Beginning at the line that contains "Cercado por parlamentares" and finishing at the line that contains "VIZIONAR OD VOSKA", output the data below exactly. Include both end lines and no pictures.

START Task data

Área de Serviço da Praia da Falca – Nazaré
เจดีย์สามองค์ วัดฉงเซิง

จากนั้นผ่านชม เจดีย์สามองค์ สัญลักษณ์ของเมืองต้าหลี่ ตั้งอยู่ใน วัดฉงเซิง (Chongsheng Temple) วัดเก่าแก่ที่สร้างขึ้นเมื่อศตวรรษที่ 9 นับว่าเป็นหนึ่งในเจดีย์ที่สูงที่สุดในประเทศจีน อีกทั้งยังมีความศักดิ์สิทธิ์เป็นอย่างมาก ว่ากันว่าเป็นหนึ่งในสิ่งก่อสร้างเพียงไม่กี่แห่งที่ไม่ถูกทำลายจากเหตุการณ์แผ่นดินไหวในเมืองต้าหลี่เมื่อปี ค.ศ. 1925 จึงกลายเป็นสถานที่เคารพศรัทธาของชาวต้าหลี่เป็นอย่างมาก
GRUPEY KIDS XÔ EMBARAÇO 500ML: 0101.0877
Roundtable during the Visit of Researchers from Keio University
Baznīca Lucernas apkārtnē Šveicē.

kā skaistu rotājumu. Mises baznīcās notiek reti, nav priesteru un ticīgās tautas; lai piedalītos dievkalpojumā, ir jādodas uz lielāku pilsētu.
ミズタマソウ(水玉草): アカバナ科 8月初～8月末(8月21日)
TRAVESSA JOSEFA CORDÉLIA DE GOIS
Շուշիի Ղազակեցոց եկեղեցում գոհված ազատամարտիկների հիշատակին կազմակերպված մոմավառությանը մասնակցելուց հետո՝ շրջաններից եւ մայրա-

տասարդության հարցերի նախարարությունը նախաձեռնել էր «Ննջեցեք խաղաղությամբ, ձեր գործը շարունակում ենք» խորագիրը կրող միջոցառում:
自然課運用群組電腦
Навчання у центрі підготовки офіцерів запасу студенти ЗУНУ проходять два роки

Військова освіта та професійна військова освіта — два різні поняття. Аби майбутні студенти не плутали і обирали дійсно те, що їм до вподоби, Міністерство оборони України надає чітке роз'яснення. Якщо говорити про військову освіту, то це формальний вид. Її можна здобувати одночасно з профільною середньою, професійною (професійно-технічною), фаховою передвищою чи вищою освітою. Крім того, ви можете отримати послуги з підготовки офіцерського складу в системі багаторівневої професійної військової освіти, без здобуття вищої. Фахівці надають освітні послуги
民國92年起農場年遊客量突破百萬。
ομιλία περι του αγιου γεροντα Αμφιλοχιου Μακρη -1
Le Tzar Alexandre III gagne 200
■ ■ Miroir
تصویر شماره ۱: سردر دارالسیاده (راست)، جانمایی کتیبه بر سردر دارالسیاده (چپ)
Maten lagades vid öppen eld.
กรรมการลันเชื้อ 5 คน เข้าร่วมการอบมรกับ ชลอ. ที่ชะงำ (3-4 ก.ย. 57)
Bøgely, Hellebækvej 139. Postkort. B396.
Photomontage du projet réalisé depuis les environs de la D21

END Task data
START Task data

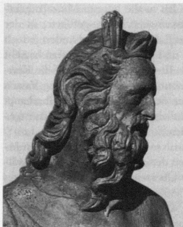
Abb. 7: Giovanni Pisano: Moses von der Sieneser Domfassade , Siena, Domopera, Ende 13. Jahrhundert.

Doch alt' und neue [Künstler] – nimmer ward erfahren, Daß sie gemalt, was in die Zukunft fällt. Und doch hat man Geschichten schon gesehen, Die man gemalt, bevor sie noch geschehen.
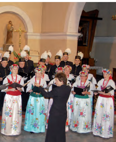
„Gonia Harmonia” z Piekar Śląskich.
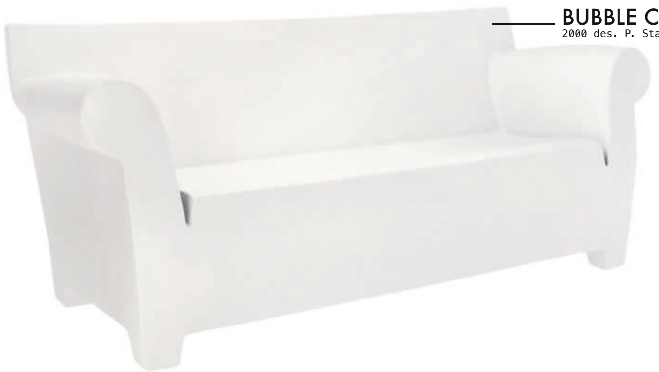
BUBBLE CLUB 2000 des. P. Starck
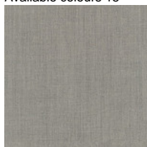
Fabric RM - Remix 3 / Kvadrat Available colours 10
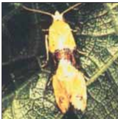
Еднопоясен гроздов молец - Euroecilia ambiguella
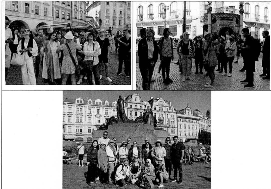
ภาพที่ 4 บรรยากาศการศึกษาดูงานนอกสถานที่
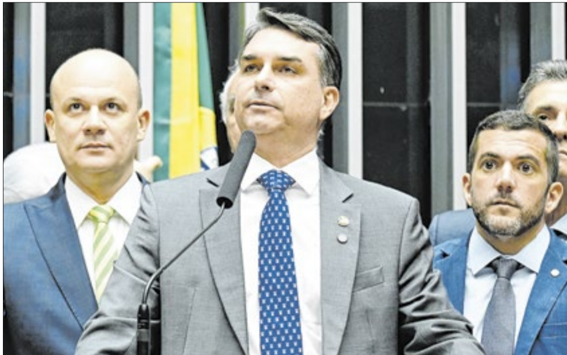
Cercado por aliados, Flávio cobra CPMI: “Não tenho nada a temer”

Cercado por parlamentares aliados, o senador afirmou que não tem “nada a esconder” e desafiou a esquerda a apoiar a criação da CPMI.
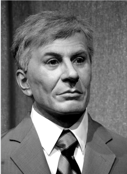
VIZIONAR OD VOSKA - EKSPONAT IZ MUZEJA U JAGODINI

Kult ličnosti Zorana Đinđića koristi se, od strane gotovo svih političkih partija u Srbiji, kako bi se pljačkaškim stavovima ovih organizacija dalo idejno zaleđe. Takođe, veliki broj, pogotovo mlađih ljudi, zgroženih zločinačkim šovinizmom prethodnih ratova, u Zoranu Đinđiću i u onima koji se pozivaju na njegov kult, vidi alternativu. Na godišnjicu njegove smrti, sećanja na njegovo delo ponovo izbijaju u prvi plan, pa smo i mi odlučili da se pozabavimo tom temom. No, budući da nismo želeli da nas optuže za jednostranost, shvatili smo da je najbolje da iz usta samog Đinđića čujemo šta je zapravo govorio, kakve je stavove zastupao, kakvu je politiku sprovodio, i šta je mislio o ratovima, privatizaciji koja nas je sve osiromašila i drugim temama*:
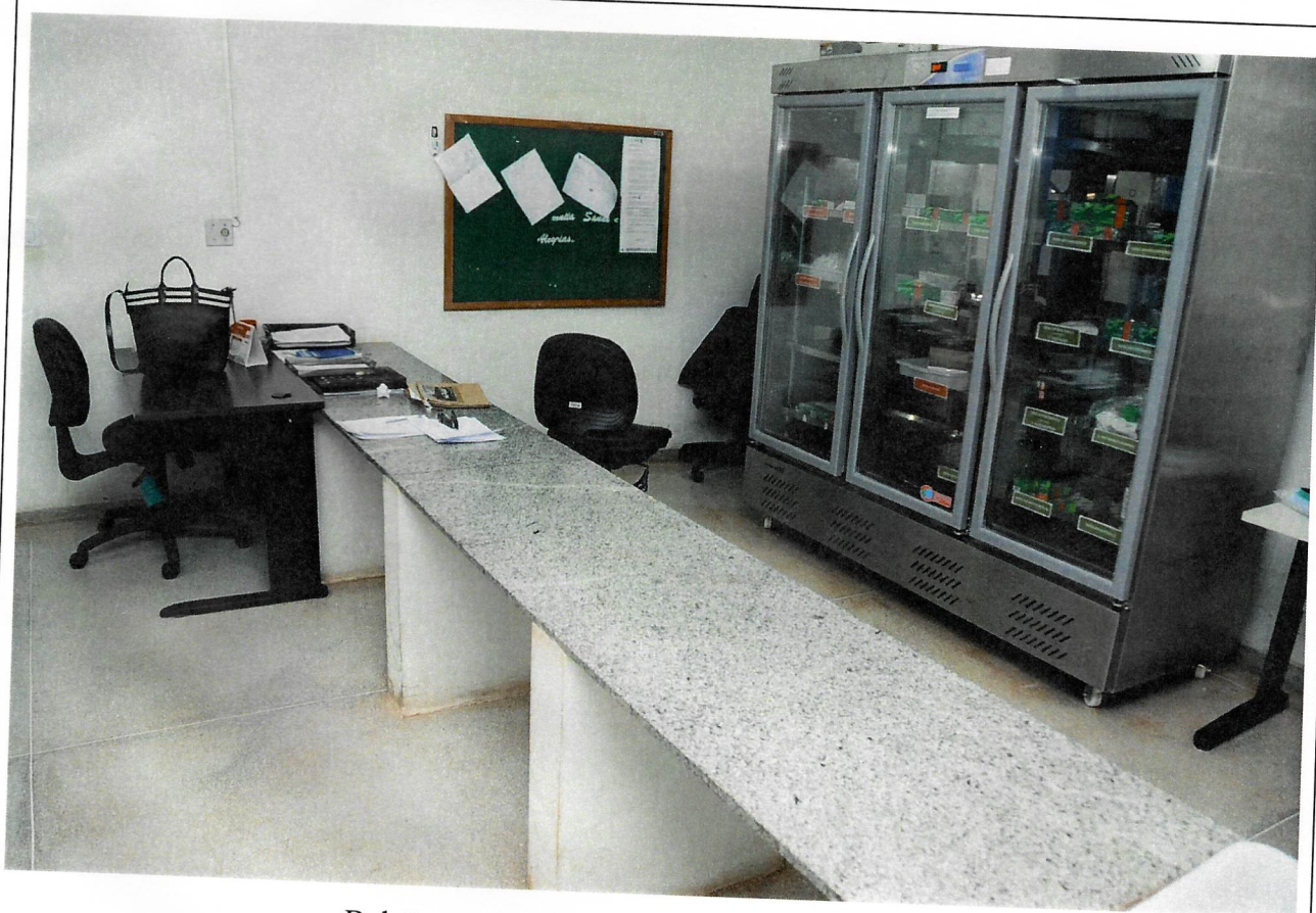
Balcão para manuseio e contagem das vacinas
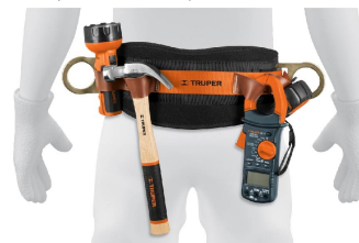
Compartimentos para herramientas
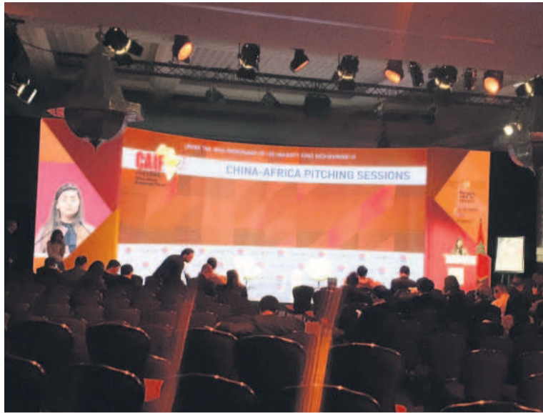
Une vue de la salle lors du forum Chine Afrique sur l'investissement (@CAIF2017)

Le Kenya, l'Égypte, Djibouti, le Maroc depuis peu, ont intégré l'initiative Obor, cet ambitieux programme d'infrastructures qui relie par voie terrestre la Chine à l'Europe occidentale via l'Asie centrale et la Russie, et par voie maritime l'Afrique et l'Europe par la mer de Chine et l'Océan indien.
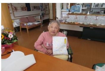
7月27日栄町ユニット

END Task data
START Task data

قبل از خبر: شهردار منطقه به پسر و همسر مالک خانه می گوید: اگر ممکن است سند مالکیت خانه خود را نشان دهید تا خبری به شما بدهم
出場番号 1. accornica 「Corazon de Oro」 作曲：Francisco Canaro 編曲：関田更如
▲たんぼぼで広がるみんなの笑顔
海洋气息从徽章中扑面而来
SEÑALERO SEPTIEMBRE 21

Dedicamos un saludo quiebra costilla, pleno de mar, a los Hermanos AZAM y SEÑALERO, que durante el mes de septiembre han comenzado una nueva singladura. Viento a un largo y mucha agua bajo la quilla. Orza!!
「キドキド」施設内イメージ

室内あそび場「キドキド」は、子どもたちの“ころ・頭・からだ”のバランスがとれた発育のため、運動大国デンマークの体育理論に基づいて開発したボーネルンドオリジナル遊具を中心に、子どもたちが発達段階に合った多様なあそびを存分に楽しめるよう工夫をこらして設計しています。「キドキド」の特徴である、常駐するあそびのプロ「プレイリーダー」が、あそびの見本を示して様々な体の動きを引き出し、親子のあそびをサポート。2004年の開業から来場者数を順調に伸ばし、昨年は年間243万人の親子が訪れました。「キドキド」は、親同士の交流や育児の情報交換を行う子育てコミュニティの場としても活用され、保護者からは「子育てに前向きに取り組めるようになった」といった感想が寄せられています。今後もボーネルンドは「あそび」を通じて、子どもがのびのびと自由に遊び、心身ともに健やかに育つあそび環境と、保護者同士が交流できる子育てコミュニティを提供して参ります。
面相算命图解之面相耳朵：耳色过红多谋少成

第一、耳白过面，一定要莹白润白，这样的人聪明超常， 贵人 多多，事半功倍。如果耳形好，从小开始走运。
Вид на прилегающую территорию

END Task data

• [Response to the exercise]
Cercado por parlamentares aliados, o senador afirmou que não tem “nada a esconder” e desafiou a esquerda a apoiar a criação da CPMI.
VIZIONAR OD VOSKA - EKSPONAT IZ MUZEJA U JAGODINI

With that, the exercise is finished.